When rebooting the system with a failure of NIC or system boards, delete the network configuration file (/etc/hostname.interface file or /etc/hostname6.interface file) according to the following procedure. After that, reboot the system by creating the network configuration files of a physical interface without any failure, or restore the service using the svcadm(1M) command.

Recovery procedure

  1. Change the network configuration file of the physical interface with a failure to the network configuration file of the physical interface without any failure.

    # mv /etc/hostname.hme0 /etc/hostname.hme3
    # mv /etc/hostname.hme1 /etc/hostname.hme2
  2. Reboot the system or restore the network service.

    # /usr/sbin/shutdown -y -i6 -g0

    Or,

    # svcadm clear svc:/network/physical

See

For details on the svcadm(1M) command, refer to the Solaris manual.

Change process to recommended environment

If the network configuration files are created only for one system board in the case of Figure D.1 Configuration of NIC switching mode before change, it is recommended to change the environment for the Primary interface for each system board as shown in Figure D.2 Configuration of NIC switching mode after change.

Figure D.2 Configuration of NIC switching mode after change

Procedure for setting up is as follows:

  1. Stop the HUB monitoring function.

    # /opt/FJSVhanet/usr/sbin/hanetpoll off
  2. Deactivate all virtual interfaces.

    # /opt/FJSVhanet/usr/sbin/stphanet
  3. Change the configuration information.
    Switch the redundant physical interfaces (Primary:hme1 and Secondary:hme2) in sha1 by executing the hanetconfig modify command.

    # /opt/FJSVhanet/usr/sbin/hanetconfig modify -n sha1 -t hme2,hme1
  4. Rename the /etc/hostname.*** file.
    In accordance with switch of redundant physical interfaces, rename the file from /etc/hostname.hme1 to /etc/hostname.hme2. In addition. It is not necessary to execute the following procedure when changing the network configuration files in recovery procedure.

    # mv /etc/hostname.hme1 /etc/hostname.hme2
  5. Reboot the system.

    # /usr/sbin/shutdown -y -g0 -i6

D.2.2.8 Services of Redundant Line Control function cannot be started (when inconsistency of file system occurred)

Phenomenon:

When /opt cannot be mounted at system startup in the Solaris 10 OS, the following message will be output and the services for Redundant Line Control function may not start.
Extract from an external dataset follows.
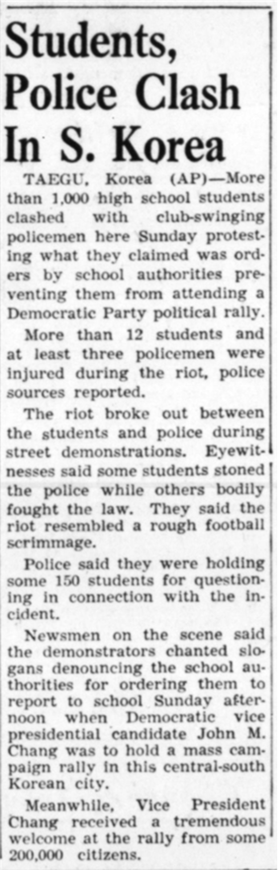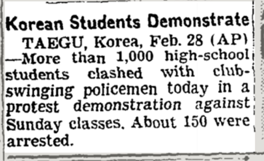 AP통신은 대구발 첫 기사에서 “천명 이상의 고등학생들이 교육 당국의 일요일 등교 조치에 항의해 시위에 나서 곤봉을 휘두르는 경찰과 충돌했다”고 보도했다. 또, “이날 시위로 최소 12명의 학생과 경찰관 3명이 부상을 입었고 150명 학생이 경찰에 구금됐다”고 보도했다. 아울러 AP통신은 이날 시위 상황을 자세히 보도하면서 “28일 오후 대구 수성천변에서 열린 민주당 장면 부통령 후보 선거유세에는 약 20만 명의 대구시민들이 몰렸고 후보는 시민들로부터 열렬하게 환영받았다”라고도 덧붙였다.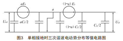 三次諧波電壓的繼電保護(hù)是否動(dòng)作 , 是通過(guò)比較中性點(diǎn)三次諧波電壓和機(jī)端三次諧波電壓來(lái)實(shí)現(xiàn)的 ,單相接地時(shí)三次諧波電動(dòng)勢(shì)分布等值電路圖如圖3所示 。其中 ,E3為三次諧波電動(dòng)勢(shì) , Us3為機(jī)端三次諧波電壓 , Un3為中性點(diǎn)三次諧波電壓 ,Cf為發(fā)電機(jī)對(duì)地電容 ,Cw為機(jī)端出線及設(shè)備對(duì)地電容。

hanet: ERROR: 98400: file system is inconsistent. (details)
Cause and how to deal with:

Since the inconsistency of the /opt file system was detected at the startup of GLS service, the startup stopped.
Make sure that the inconsistency of the /opt file system is resolved and /opt is mounted. After that, perform one of the actions:

  • Staring the system again

  • Starting GLS service

    # svcadm clear fjsvhanet

If the operation is not started normally after starting GLS service, the TCP/IP application that uses Redundant Line Control function may have failed to start. Start the system again.